Observability during chaos

Chaos experiments are only useful if you can see what’s happening. Ensure you have:

  • Real-time metrics: Error rate, latency (p50/p95/p99), throughput, connection pools, queue depth, CPU/memory.
  • Distributed tracing: See a request flow from Service A through B, C, and back. Watch it fail in Service C and see how it cascades.
  • Logs: Application logs showing timeouts, retries, circuit breaker state changes.
  • Alerts: If the chaos breaks something, do your on-call alerts fire? If not, your monitoring is gapped.

Safety and governance

Chaos experiments can break things. Implement guardrails:

  • Start in staging, not production. Prove the experiment works in a non-critical environment first.
  • Schedule carefully. Run during business hours (not 3am) so your team can respond if something goes wrong.
  • Set a blast radius.
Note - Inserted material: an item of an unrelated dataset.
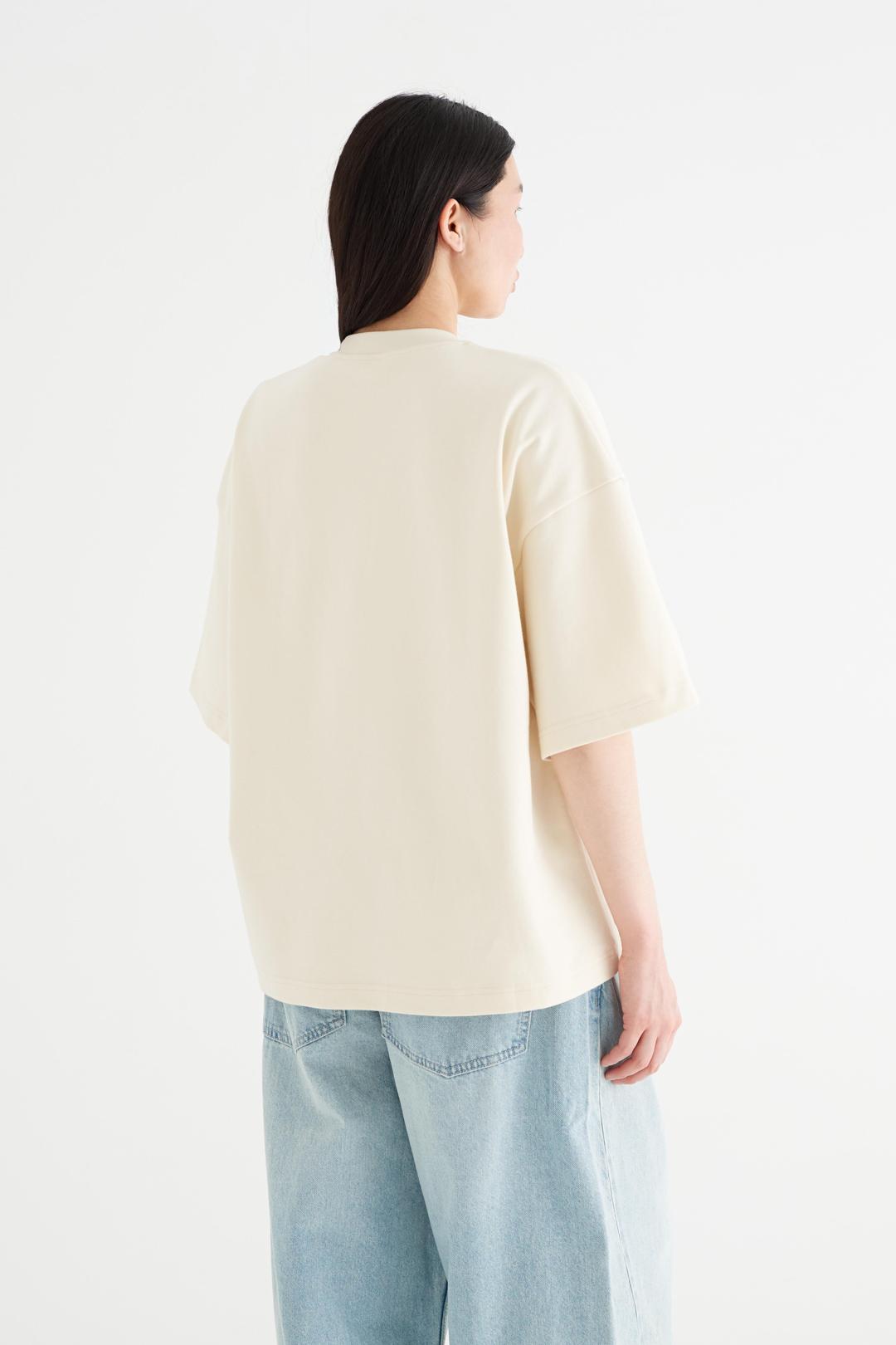 Укороченный силуэт оверсайз обеспечивает комфортную посадку и современную пропорцию в образе. Воротник из эластичной рибаны, внутренний шов горловины обработан киперной лентой. Втачной одношовный рукав со спущенным плечом создаёт естественную линию.

Don’t kill 100% of a service; kill 1 instance, then 2, then more.
  • Set a time limit. A chaos experiment should run for minutes, not hours. If latency is injected for 5 minutes, it stops after 5 minutes (not indefinitely).
  • Implement kill switches. If an experiment goes wrong, have a way to stop it immediately.
  • Document the experiment. Other teams need to know why you’re breaking the system and what to do if it gets out of hand.
  • Brief the team. Before running a chaos experiment in production, tell your on-call and your team lead. It’s not a surprise.

Tools

  • Chaos Mesh — Kubernetes-native; inject pod failures, network delays, stress tests. Open source.
  • Gremlin — SaaS platform; point-and-click chaos experiments, curated experiments, integrations with monitoring.
  • Toxiproxy — Lightweight network proxy; inject latency, packet loss, connection resets. Good for testing individual service pairs.
  • Pumba — Docker-specific chaos; kill containers, pause/unpause, inject stress.
  • Chaos Toolkit — Framework for writing custom chaos experiments in Python.
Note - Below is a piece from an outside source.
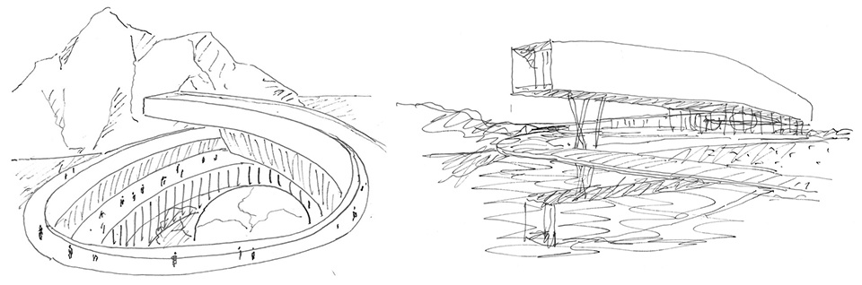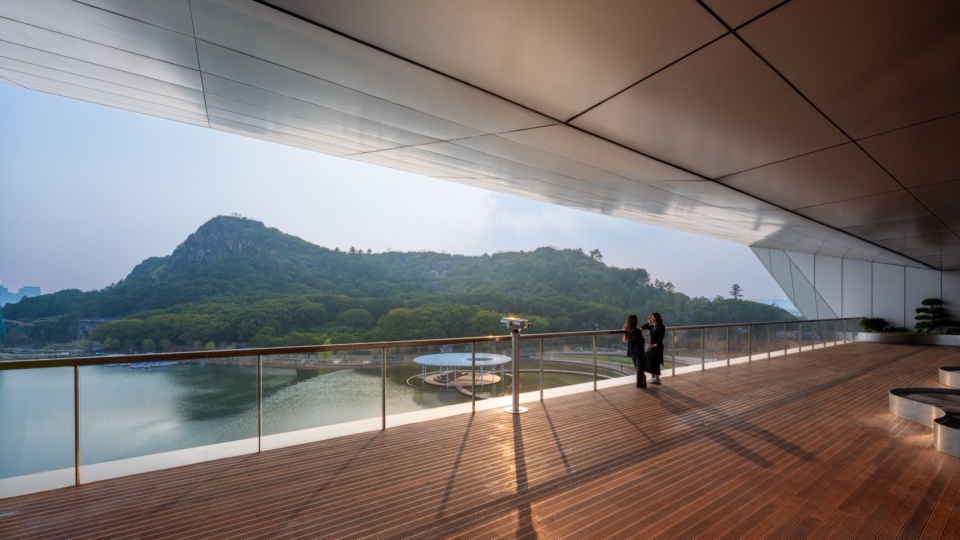 The design is inspired by Suzhou’s history of silk production. The museum gracefully traces the lake’s edge, rises from the landscape, and folds back on itself like a silk sash. Supported by oversized mushroom columns, the building hovers above shaded public space, allowing visitors to move freely between water, gardens, and pathways, and surrounds a sunken courtyard of additional gardens and reflective pools. It then extends outward in a dramatic cantilever toward Lion Mountain, visually linking the building to its natural setting.

Best practices and anti-patterns

  • Never run unknown chaos experiments. Always understand what failure you’re introducing and why before you run the experiment.
  • Don’t just focus on individual service failures. Test cascading failures: what happens when Service A, B, and C all fail simultaneously?
  • Don’t ignore the results. If a chaos experiment reveals a gap (e.g., no timeout configured), fix it before deploying.
  • Don’t run chaos experiments only in staging. Staging doesn’t have the same load, traffic patterns, or data as production. Run in production (with guardrails).
  • Don’t assume monitoring will catch everything. Run the chaos experiment and manually verify the system is behaving as expected, not just that metrics look okay.
  • Don’t skip the hypothesis. Running random chaos experiments is noise. Start with a specific hypothesis and verify or falsify it.

Resilience over perfection: Chaos engineering is not about building perfect systems; it’s about building systems that fail safely and allow teams to understand and handle failures. If your system can survive the loss of a database server, you’ve won.